Participants [N=30; Age= 47.5(13.5) years; 83% female; Body Mass Index (BMI)=36.2(7.5) kg/m2] wore the SenseWear Mini Armband (SWA) to objectively measure SED for seven days at baseline. Participants were then presented with three smartphone-based PA break conditions in counterbalanced order: (1) 3-min break after 30 SED min; (2) 6-min break after 60 SED min; and (3) 12-min break after 120 SED min. Participants followed each condition for 7 days and wore the SWA throughout.

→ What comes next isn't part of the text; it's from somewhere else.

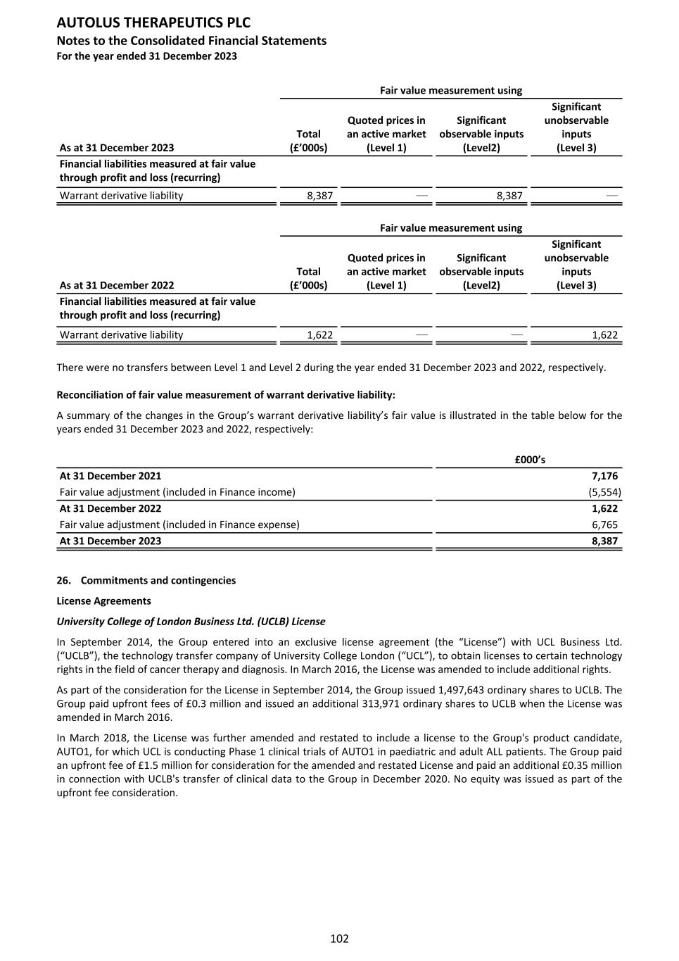 Fair value measurement using As at 31 December 2023 Total (£’000s) Quoted prices in an active market (Level 1) Significant observable inputs (Level2) Significant unobservable inputs (Level 3) Financial liabilities measured at fair value through profit and loss (recurring) Warrant derivative liability 8,387 — 8,387 — Fair value measurement using As at 31 December 2022 Total (£’000s) Quoted prices in an active market (Level 1) Significant observable inputs (Level2) Significant unobservable inputs (Level 3) Financial liabilities measured at fair value through profit and loss (recurring) Warrant derivative liability 1,622 — — 1,622 There were no transfers between Level 1 and Level 2 during the year ended 31 December 2023 and 2022, respectively. Reconciliation of fair value measurement of warrant derivative liability: A summary of the changes in the Group’s warrant derivative liability’s fair value is illustrated in the table below for the years ended 31 December 2023 and 2022, respectively: £000’s At 31 December 2021 7,176 Fair value adjustment (included in Finance income) (5,554) At 31 December 2022 1,622 Fair value adjustment (included in Finance expense) 6,765 At 31 December 2023 8,387 26. Commitments and contingencies License Agreements University College of London Business Ltd. (UCLB) License In September 2014, the Group entered into an exclusive license agreement (the “License”) with UCL Business Ltd. (“UCLB”), the technology transfer company of University College London (“UCL”), to obtain licenses to certain technology rights in the field of cancer therapy and diagnosis. In March 2016, the License was amended to include additional rights. As part of the consideration for the License in September 2014, the Group issued 1,497,643 ordinary shares to UCLB. The Group paid upfront fees of £0.3 million and issued an additional 313,971 ordinary shares to UCLB when the License was amended in March 2016. In March 2018, the License was further amended and restated to include a license to the Group's product candidate, AUTO1, for which UCL is conducting Phase 1 clinical trials of AUTO1 in paediatric and adult ALL patients. The Group paid an upfront fee of £1.5 million for consideration for the amended and restated License and paid an additional £0.35 million in connection with UCLB's transfer of clinical data to the Group in December 2020. No equity was issued as part of the upfront fee consideration. AUTOLUS THERAPEUTICS PLC Notes to the Consolidated Financial Statements For the year ended 31 December 2023 102

All PA break conditions yielded significant decreases in SED and increases in light (LPA) and moderate-to-vigorous PA (MVPA) (p<0.005). Average % SED at baseline (72.2%) decreased by 5.9%, 5.6%, and 3.3% [i.e. by mean (95% CI) -47.2(-66.3, -28.2), -44.5(-65.2, -23.8), and -26.2(-40.7, -11.6) min/d] in the 3-, 6-, and 12-min conditions, respectively. Conversely, % LPA increased from 22.8% to 26.7%, 26.7%, and 24.7% [i.e. by 31.0(15.8, 46.2), 31.0(13.6, 48.4), and 15.3(3.9, 26.8) min/d], and % MVPA increased from 5.0% to 7.0%, 6.7%, and 6.3% (i.e. by 16.2(8.5, 24.0), 13.5(6.3, 20.6), and 10.8(4.2, 17.5) min/d] in the 3-, 6-, and 12-min conditions, respectively.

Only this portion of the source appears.